The solution supports a broad spectrum of storage types from any vendor, enabling high-speed ingest rates and low latency on fast media for DNA sequencer output, as well as fast reads for demultiplexing and checksum tasks, reducing the length of processing jobs. Multi-vendor storage type flexibility also provides the ability to transparently tier data between high performance storage to capacity-oriented storage or cloud from any vendor, while still being available via the same global namespace, without disrupting user or application workflows.
The ability to provide online access to all data everywhere without the need to manage copies also eliminates wait times that can result from solutions that require long-running copy jobs from one location to another. This powerful capability further accelerates the execution of sequences in the data processing workflow.
Hammerspace also delivers a rich set of data services including anti-virus protection, undelete and file versioning, snapshots and clones, compression, deduplication, tiering and immutable file shares. It also embeds multiple security features including encryption, external KMS server support, role-based access control and Active Directory support.
Genomics is a highly specialized discipline which provides tremendous value to humanity, by providing insights and personalized treatments into medical conditions for humans and animals, and by being a precious ally to research in many other fields such as agriculture and virology, to name a few.
Due to its high value but also to its complexity, genomics data and workflows require a storage platform capable of meeting multiple challenges.

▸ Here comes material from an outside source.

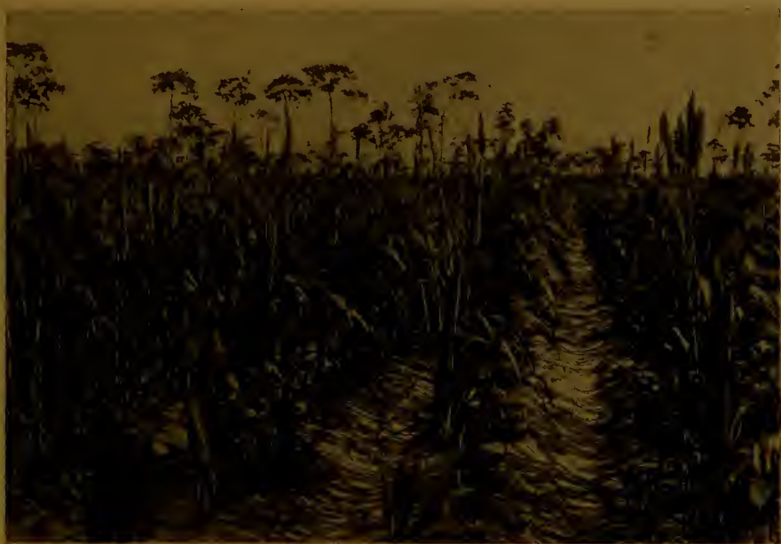
Field of Pearl Millet near Fellsmere, St. Lucie County

otherwise get to bring the bulls out in the spring in strong, vigorous condition, and we should cut out the weak cows and calves and give them a little silage which will make a remarkable difference in their growth.

An ideal solution should deliver performance and affordable capacity, a distributed data platform, and capabilities that eliminate low-value, time consuming data operations while accelerating data processing steps.
Hammerspace can deliver across all these requirements and more, thanks to a fast, distributed multiprotocol data platform which reduces complexity and operational costs in distributed and multi-vendor data environments. This helps both increase time to results for research pipelines, while also helping keep storage costs under control.